4.3.4 L’appelante reproche également au premier juge d’avoir tenu compte de frais de repas chez l’intimé, au motif que lesdits frais seraient en réalité payés par l’employeur de l’intéressé. La critique est fondée. Il ressort en effet du dossier que l’intimé se voit créditer un montant de 135 fr. par mois sur une carte dédiée, afin qu’il puisse s’acquitter de ses frais de repas. C’est donc à tort que le président a retenu que l’intimé acquittait les frais en question au moyen de l’indemnité forfaitaire pour frais de représentation qu’il perçoit. L’intimé ne rendant pas vraisemblable que ses frais de repas effectifs dépassent le montant susmentionné, aucune charge y relative ne sera portée dans ses charges. Cela se justifie d’autant plus que le montant mensuellement chargé sur la carte précitée est plus élevé que la charge de 73 fr. 35 – non critiquée par l’intimé – retenue par le président à titre de frais de repas chez l’intéressé et que celui-ci ne se rend que huit jours par mois sur son lieu de travail.

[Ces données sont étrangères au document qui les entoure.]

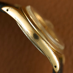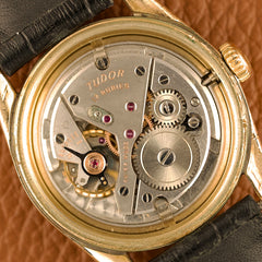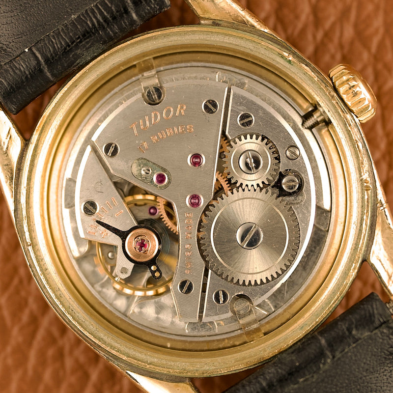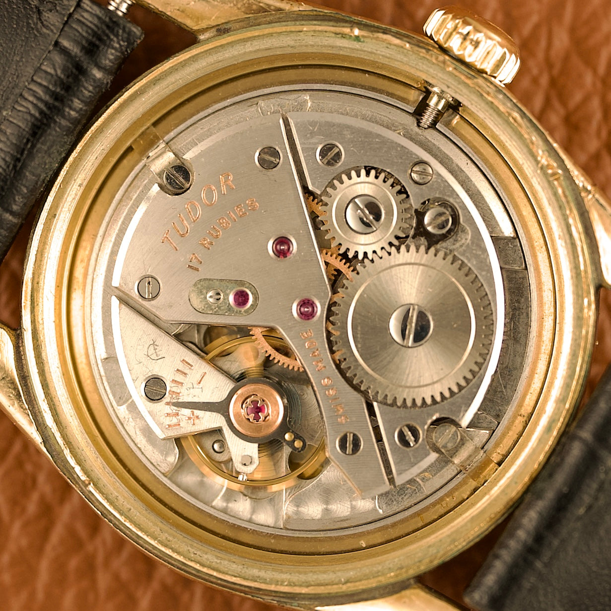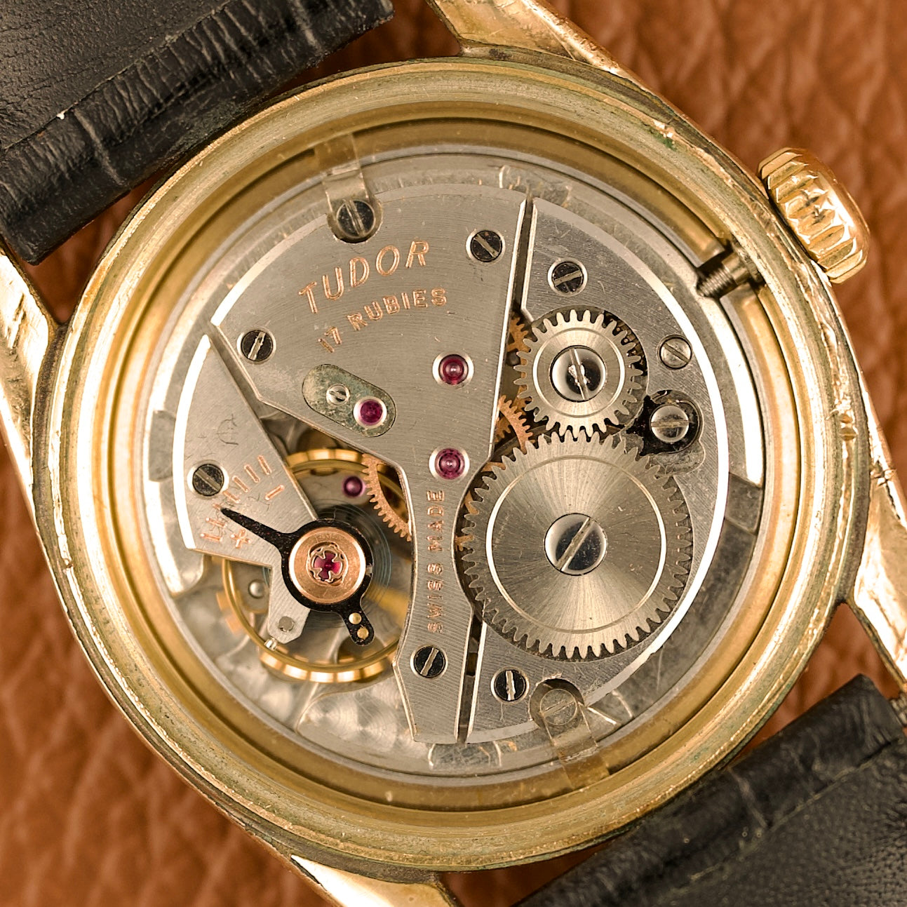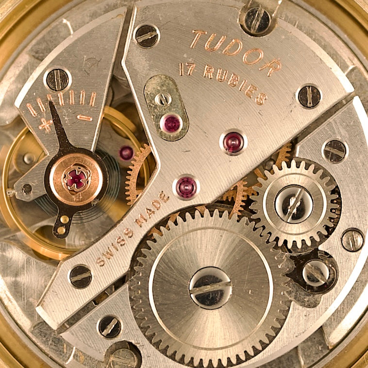 Ihr Durchmesser von 34 mm erinnert an die Beliebtheit schlanker Dresswatches der 50er/60er Jahre. Das goldene Zifferblatt hat eine cremefarbene Patina mit Tendenz zu Silber, die dieser Tudor-Uhr einen attraktiven Vintage-Stil verleiht. Sie ist mit einem Handaufzugswerk, Kaliber 2403, ausgestattet, das ihr eine Gangreserve von rund vierzig Stunden verleiht.

4.3.5 L’intimé reproche au premier juge de ne pas avoir tenu compte dans ses charges d’un leasing de 762 fr. 95 et de frais de véhicule (composés de primes d’assurance, de frais d’essence, de frais d’entretien, de la taxe véhicule, de frais de parking et la vignette autoroutière) qu’il estime à 673 fr. 75 par mois. Il fait valoir que s’il n’a certes pas de voiture, il va en acquérir une et que la durée de ses trajets en serait sensiblement réduite. Il relève en outre, s’agissant plus particulièrement des frais de parking allégués, qu’un bail relatif à une place de parc est lié au bail de son appartement.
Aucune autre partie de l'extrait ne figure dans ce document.